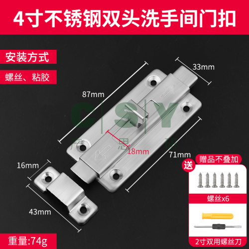 规格:4寸 不锈钢洗手间门扣(送螺丝+螺丝刀)
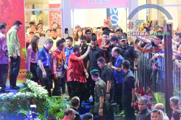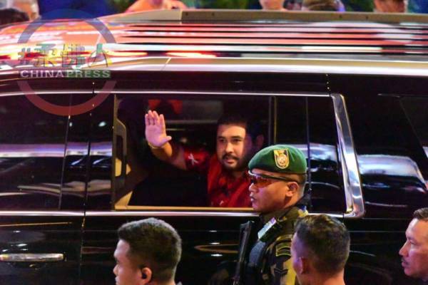 接着,殿下在柔州议会议长苏海占、新山中华公会会长拿督斯里郑金财及众州行政议员迎接,登上恭迎台,并向台下民众摇手示意。
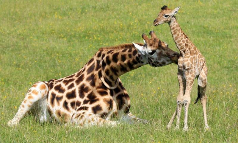 Беременность длится около 15 месяцев, после чего рождается один детеныш. Двойни у жирафов крайне редки.
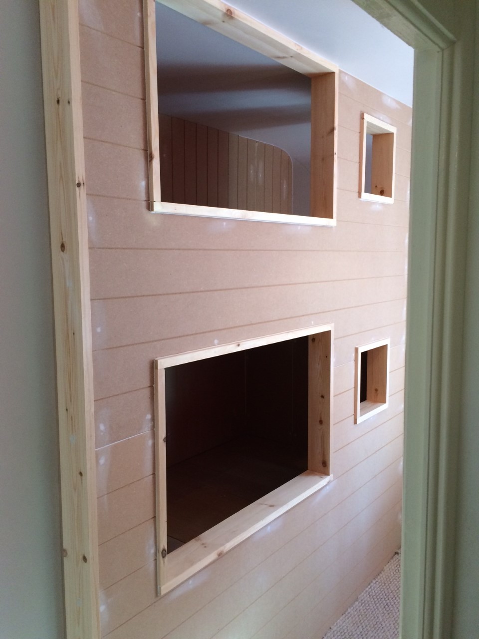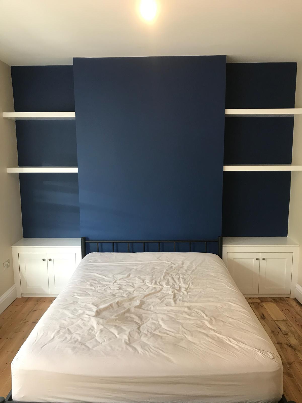 Alcove units that can be used as bedside tables with shelves fitted above.

##########

### EXERCISE AIM
Every line above should be returned word for word, with the pictures left behind.

### THE COMPLETED TASK
 规格:4寸 不锈钢洗手间门扣(送螺丝+螺丝刀)
 接着,殿下在柔州议会议长苏海占、新山中华公会会长拿督斯里郑金财及众州行政议员迎接,登上恭迎台,并向台下民众摇手示意。
 Беременность длится около 15 месяцев, после чего рождается один детеныш. Двойни у жирафов крайне редки.
 Alcove units that can be used as bedside tables with shelves fitted above.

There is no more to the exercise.